To prove sum of A.P is greater than G.P Consider an Arithmetic Progression(A.P) with the first term $a$, the commom difference $d$ and a Geometric Progression(G.P) with first term again as $a$ but common ratio $r$ such that $a,d,r>0$ and both these progressions have same number of terms and their last terms are also equal.
Show that the sum of all the terms of A.P is greater than the sum of all the terms of the G.P.
My Attempt:
The terms between first and last terms are the $(n-2)$ Arithmetic Means(A.M's) or the Geometric Means(G.M's). Can it be proved that each of the A.M's is greater than the corresponding G.M's.
 A: Let the A.P. and G.P. terms be:
$$a,a+d,...,a+d(n-1)\\
a,ar,...,ar^{n-1}$$
The last terms are equal
$$a+d(n-1)=ar^{n-1}$$
The condition $d>0$ implies the A.P. is an increasing progression. The equality of last terms implies the G.P. is also increasing, hence $r>1$.
Note that $n>2$, otherwise for $2,6$ ($d=4,r=3$), the sums are equal. 
Now it needs to be proved for $a,d>0,r>1,n>2$:
$$\frac{2a+d(n-1)}{2}n>\frac{a(r^n-1)}{r-1}\iff \\
\frac{(a+ar^{n-1})n}{2}>\frac{a(r^n-1)}{r-1}\iff \\
\frac{(1+r^{n-1})n}{2}>\frac{r^n-1}{r-1}$$
WA answer. 
A: the terms of an AP can be thought of, on a graph by a straight line. Similarly, the GP can be visualized an exponential graph.
Since their first and last terms are the same......which means graphically that the exponential and the straight line graph meet at two points.
So, The area of graph under exponential graph is the sum of GP and that under the straight line graph is the sum of AP (If the domain of the terms is extended over real numbers).
Since even in real numbers the Sum of GP is less than that of AP, then it cannot be greater than AP in a sequence where domain is integers.
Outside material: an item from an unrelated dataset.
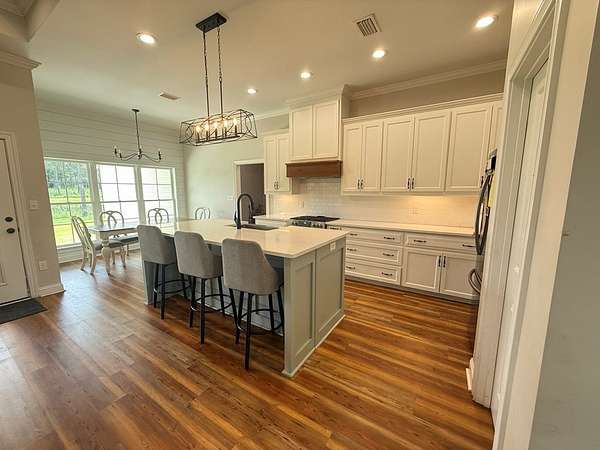 This magnificent 4 Bedroom, 2 1/2 Bathroom, 2219 SqFt home is situated on 2.81 Acres and was built in 2021. It features LVP flooring throughout, open kitchen with an island, abundance of cabinets for storage. Walk-in pantry makes for easy organizing. Open living room area with self venting gas fireplace, Coffered ceilings, plentiful windows to let natural light in. Large Primary bedroom has trey ceilings, attached primary bathroom with walk in shower, double vanities, Soaker tub, private toilet area, and a Walk in closet. Guest bathroom has double vanities, private toilet area. Laundry room is spacious and has a mud sink along with cabinets for storage. Large attached 3 Car garage. Sit out on the back porch with a cup of coffee and enjoy overlooking the beautiful view of the stocked pond. The list of features of this home just keeps on going! Don't miss out, Give your favorite Realtor a call today to schedule a viewing. Please Note: A contingency on the buyer selling their home would be entertained as the seller's need to stay in the home until they find a place to Rent/Buy. The playhouse isn't included. With an agreed upon price, the playhouse could be included in the sale.

A: Long comment, not answer: 
Let $A_n$ be the sum of the $n$ first terms of the arithmetic progression and $G_n$ be the sum of the first $n$ terms of the geometric progression satisfying the conditions mentioned in the post. I generated some experimental data for different initial conditions $a,d$ and $n \le 10^{12}$. The experimental data shows that regardless of the choice of $a$, $d$ and hence $r$, we have an elegant asymptotic relationship
$$
\frac{A_n}{G_n} \sim \frac{\log n}{2}
$$